In another development Sunday, Iraq's interim leader called for an immediate mobilization of the old Iraqi army to help the harried Americans.

The United States would "speed the process of relieving the burden on its troops" by recalling the disbanded Iraqi military, said Iyad Allawi, current president of the Iraqi Governing Council. The idea got a cool reception from Baghdad's U.S.-led occupation authorities.

"I don't think there's a vast swath of people out there who want to serve in the Iraqi army," said a well-placed official of the occupation authority, speaking on condition of anonymity. The Americans are slowly rebuilding a new Iraqi army, having trained only a 700-man battalion thus far.

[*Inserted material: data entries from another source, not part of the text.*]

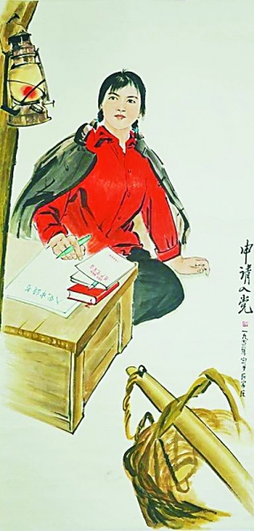 從50多人到近9000萬人,建黨以來黨員隊伍的不斷發展壯大彰顯了信仰的力量,加入中國共產黨成為一代又一代中國青年的矢志追求。梁巖的《申請入黨》是一幅極具巧思的作品。畫面上方的人物身著紅衣,正準備在紙上寫下入黨申請,下方的扁擔和籮筐暗示了主人公的身份。畫家特意讓人物的目光望向掛在高處的煤油燈,燈火象征著光明,也代表了追求進步的青年心中的信仰。
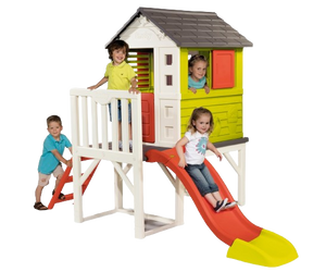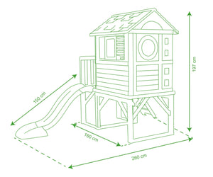 Vos enfants grimperont à l’échelle pour rejoindre leur cabane, où ils pourront s’amuser avec le toboggan ou imaginer des histoires sur la terrasse.
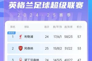 體育資訊02月15日訊 英超第25輪,阿森納2-0客場擊敗萊斯特城。賽后英超積分榜爭冠形勢如圖。
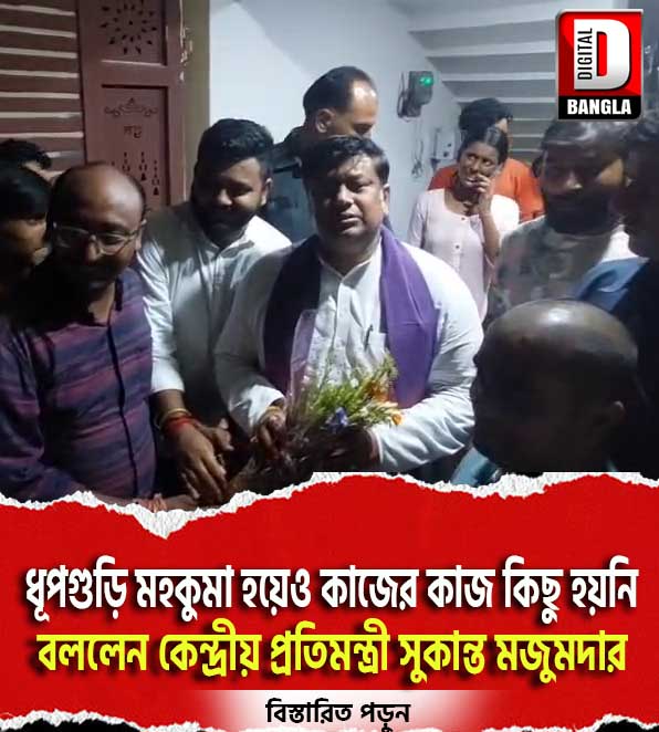 কিন্ত মহকুমা হয়ে কাজের কাজ কিছু হয়নি।লোকসভা ভোটে সব পাল্টে গিয়েছে।মানুষ আর ভুল করবে না।ললিপপকে ছুড়ে ফেলে দিয়ে নরেন্দ্র মোদীর পক্ষে থাকবে।পাশাপাশি রাজ্য সরকার পুর ভোট করাতে ভয় পাচ্ছে হেরে যাওয়ার ভয়ে,সেই কারণে ভোট হচ্ছে না।আগামী বিধানসভা নির্বাচনে ধূপগুড়িতে বিজেপি জিতবে।বৃহস্পতিবার কোচবিহার থেকে শিলিগুড়ি ফেরার পথে ধূপগুড়িতে সাংবাদিকদের মুখোমুখি হয়ে এমনই মন্তব্য করলেন কেন্দ্রীয় মন্ত্রী সুকান্ত মজুমদার।

Late Saturday, attackers killed two U.S. soldiers and wounded a third in a clash outside the northern city of Kirkuk. The deaths in Kirkuk and Fallujah brought to 104 the number of Americans killed by hostile fire since President Bush declared an end to major combat May 1. A total of 339 Americans have died since the March 20 invasion of Iraq, 218 of them in combat.

In the attack near Kirkuk, 160 miles north of Baghdad, an American mounted patrol was ambushed by rocket-propelled grenades and small-arms fire, said Maj. Josslyn Aberle, 4th Infantry Division spokeswoman.

Early Sunday, about 30 miles west of that attack, U.S. troops were hit with grenades and small-arms fire near Hawija and killed three Iraqis when they returned fire, the 4th Infantry Division said.

The command reported 15 attacks on forces of the U.S.-led coalition in the 24 hours that ended at midday Sunday, down from a recent average of 22 a day. Most occur in the "Sunni Triangle," a Sunni Muslim-dominated area stretching from the west of Baghdad to the north. The area was a strong base of support for Saddam Hussein's Baath Party regime.

American officials blame the insurgency largely on die-hard Baathists, but many here believe other Iraqis resentful of the U.S. military presence have joined in the hit-run attacks.

In an opinion-page piece in Sunday's New York Times newspaper, Allawi, head of the 25-member Governing Council for October, said the decision by U.S. occupation officials to dissolve the 400,000-man Iraqi army after the war's end in April produced a "security vacuum that let criminals, die-hards of the former regime and international terrorists flourish."

It is "vital" to recall Iraqi army units now, six months after they disintegrated before the U.S.-British military advance, Allawi wrote. The U.S. government has had little success enlisting significant foreign military help in Iraq.

In Saddam Hussein's hometown of Tikrit, U.S. troops detained four suspected high-level Baath party members and a former Republican Guard officer involved in arms sales to insurgents, the military said Monday.

A total of 19 suspects were detained in four separate raids and a huge weapons cache was uncovered in one location, said Maj. Josslyn Aberle, spokeswoman for the 4th Infantry Division.

Of the suspects, four turned out to be high-level Baath party members and another was a former Republican Guard special forces officer believed involved in arms sales to anti-coalition forces, according to Aberle.

Three other suspects were implicated in mortar attacks on U.S. troops in the Balad area, between Baghdad and Tikrit, 120 miles north of the capital.

Also, U.S. troops acting on a tip from an Iraqi informer discovered a huge weapons cache in Taji, just north of Baghdad, Aberle said.